Чудесно было спускаться по длинным лестничным маршам с сознанием, что сегодня поработал удачно. Я всегда работал до тех пор, пока что-нибудь не сделаю, и останавливался, когда еще знал, что будет происходить в рассказе дальше. Так я мог быть уверен, что смогу продолжить завтра. Но иногда, начиная новый рассказ, я не мог сдвинуться с места, и тогда садился перед камином, выжимал мандариновые корки в огонь и наблюдал, как вспыхивают голубыми искрами брызги. Вставал, глядел на парижские крыши и думал: «Не волнуйся. Ты мог писать раньше и теперь напишешь. Надо только написать одну правдивую фразу. Напиши самую правдивую, какую можешь». В конце концов я записывал одну правдивую фразу и от нее двигался дальше. И это уже было легко, потому что всегда находилась одна правдивая фраза, которую ты знал, или видел, или от кого-то слышал. Если я начинал писать замысловато, или к чему-то подводить, или что-то демонстрировать, оказывалось, что эти завитушки или украшения можно отрезать и выбросить и начать с первого правдивого, простого утвердительного предложения. Там, у себя наверху, я решил, что напишу по одному рассказу о каждом предмете, про который знаю. Так я старался делать все время, когда писал, и это была строгая, полезная дисциплина.

В этой же комнате я приучил себя, закончив работу, не думать о том, что пишу, покуда не сяду завтра за продолжение. Так мое подсознание будет работать над этим, а я тем временем, надеюсь, смогу слушать других людей, и все замечать, и что-то новое узнавать, надеюсь; и я читал, чтобы не думать о своей работе, чтобы на другой день не оказаться перед ней бессильным. Радостно было спускаться по лестнице с сознанием, что ты хорошо поработал – а для этого требовались и дисциплина, и удача, – и теперь можешь гулять по Парижу где угодно.

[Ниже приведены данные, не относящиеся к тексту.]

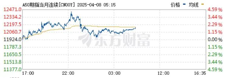 7日晚,富时中国A50指数期货夜盘重开后走高,一度涨超4%。该指数当日16:30收盘下跌8.45%。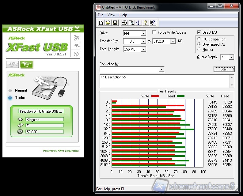 Esaminiamo insieme il Bandwith della Asrock X79 Extreme4 lato connettività sia USB 2.0 che 3.0. Verranno utilizzati ATTO e CrystalDiskMark per misurare i valori di Transfer-Rate connettendo il Pen Drive che abbiamo usato come campione, un Kingston DT Ultimate 64GB, sia ad una porta USB 3.0 che sulla più lenta USB 2.0.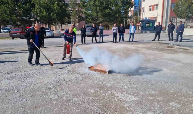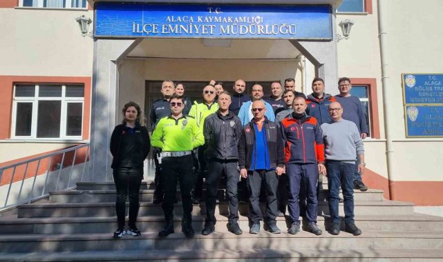 Çorum Valiliği İl Afet ve Acil Durum Müdürlüğü (AFAD) ekipleri tarafından Alaca İlçe Emniyet Müdürlüğü personellerine yangın ve farkındalık eğitimleri verildi. Teorik eğitimin ardından düzenlenen tatbikatta personeller, yangın esnasında tahliyeyi ve yangın tüpüyle müdahaleyi uygulamalı olarak öğrendi.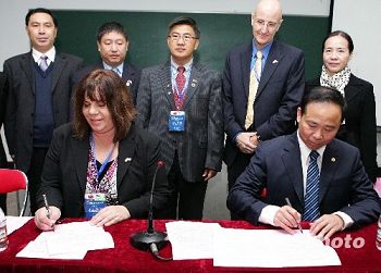 12月7日,美國(guó)圣地亞哥河景小學(xué)和福州實(shí)驗(yàn)小學(xué)在福州簽訂了建立姐妹學(xué)校意向書。當(dāng)日,中美中小學(xué)校長(zhǎng)座談會(huì)在榕舉辦,美國(guó)33名中小學(xué)代表與福州近20所中小學(xué)校長(zhǎng)及教師代表進(jìn)行了廣泛深入的交流,共同探討漢語(yǔ)教學(xué)與中國(guó)文化交流以及在美國(guó)中小學(xué)開設(shè)孔子課堂及派遣赴美漢語(yǔ)教學(xué)志愿者等項(xiàng)目合作意向。(中新社/張麗君 攝)

Во второй половине дня я ходил разными улицами к Люксембургскому саду и, пройдя его насквозь, заходил в Люксембургский музей, где висела замечательная живопись, теперь по большей части перенесенная в Лувр и в «Же-де-Помм». Я ходил туда чуть не каждый день ради Сезанна, Мане, Моне и других импрессионистов, с которыми познакомился в Чикагском художественном институте. У живописи Сезанна я учился тому, что недостаточно писать простыми правдивыми фразами, если хочешь придать рассказу глубину, к которой я стремился. Я очень многому учился у него, но затруднялся объяснить это словами. Кроме того, это был секрет. Но если в саду уже смерклось, я шел через него на улицу Флерюс, где в доме 27 жила Гертруда Стайн.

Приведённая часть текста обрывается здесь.